The incident gives Prager a focus he has lacked previously, aimed at finding who did this. Surprisingly, the perp is seemingly tied to Bobby Friedman. The somewhat complex trail leads Prager through a cast of interesting characters, from a crew of somewhat obnoxious student radicals to the mob to a concentration camp survivor who is either deranged or deceptive or somewhere in between. The mystery is as much a “whydunit” as a “whodunit” as Prager, aided by a drug dealer with a stratospheric IQ and absolutely no sense, tries to bring justice to Mindy and her parents.

Coleman, following the adage that the child is father to the man, reveals much that previously had been unanswered about Prager’s background, as events in ONION STREET foreshadow happenings and aspects of Prager’s life and personality that have been dropped like breadcrumbs throughout the books in the series.

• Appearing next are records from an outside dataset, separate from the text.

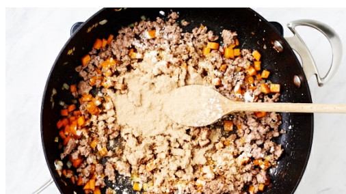
4. Add lamb mince

Heat 1 tbs olive oil in a large deep frypan over medium-high heat. Cook the carrot and onion , stirring occasionally, for 6-8 mins until light golden.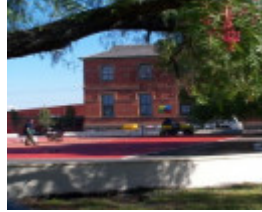
Gold Street Primary School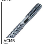
Dual-thread screw wood/metal, Stainless steel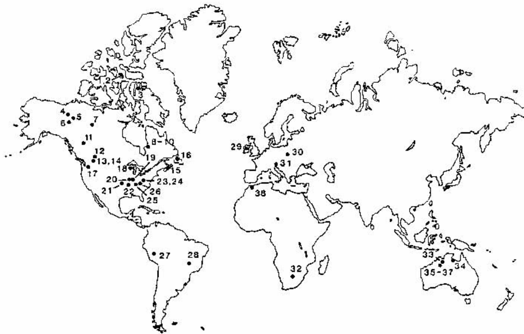
Figure 1. Distribution of carbonate-hosted Zn-Pb deposits occurring throughout the world. Figure from Leach and others (1995). Locations shown: 1, Polaris; 2, Eclipse; 3, Nanisivik; 4, Gayna; 5, Bear-Twit; 6, Godlin; 7, Pine Point district; 8, Lake Monte; 9, Nancy Island; 10, Ruby Lake; 11, Robb Lake; 12, Monarch-Kicking Horse; 13, Giant; 14, Silver Basin; 15, Gays River; 16, Daniels Harbour; 17, Metaline district; 18, Upper Mississippi Valley district; 19, southeast Missouri district (Old Lead Belt, Viburnum Trend, Indian Creek); 20, central Missouri district; 21, tri-State district; 22, northern Arkansas district; 23, Austinville-Ivanhoe district; 24, Friedensville; 25, central Tennessee district; 26, east Tennessee district; 27, San Vicente; 28, Vazante; 29, Harberton Bridge; 30, Silesian district; 31, Alpine district; 32, Pering; 33, Sorby Hills; 34, Coxco; 35-37, Lennard Shelf district (Cadjebut, Blendvale, Twelve Minle Bore); 38, El-Abad-Mekta district. (Adapted from Sangster, 1990).

It has been announced/rumored that with the next Prager book, Coleman will write a finis to the series. If so, then this book is well-placed as a prequel, given that it is a pause in the ongoing happenings of the present and at the same time may set up the events that are to come. While presenting an interesting and complex mystery, ONION STREET is at heart a character study of Prager. At the same time, it provides a sharp and clearly defined literary snapshot of a tumultuous era --- the mid-20th century --- which, some 50 years later, remains fertile ground for study and exploration.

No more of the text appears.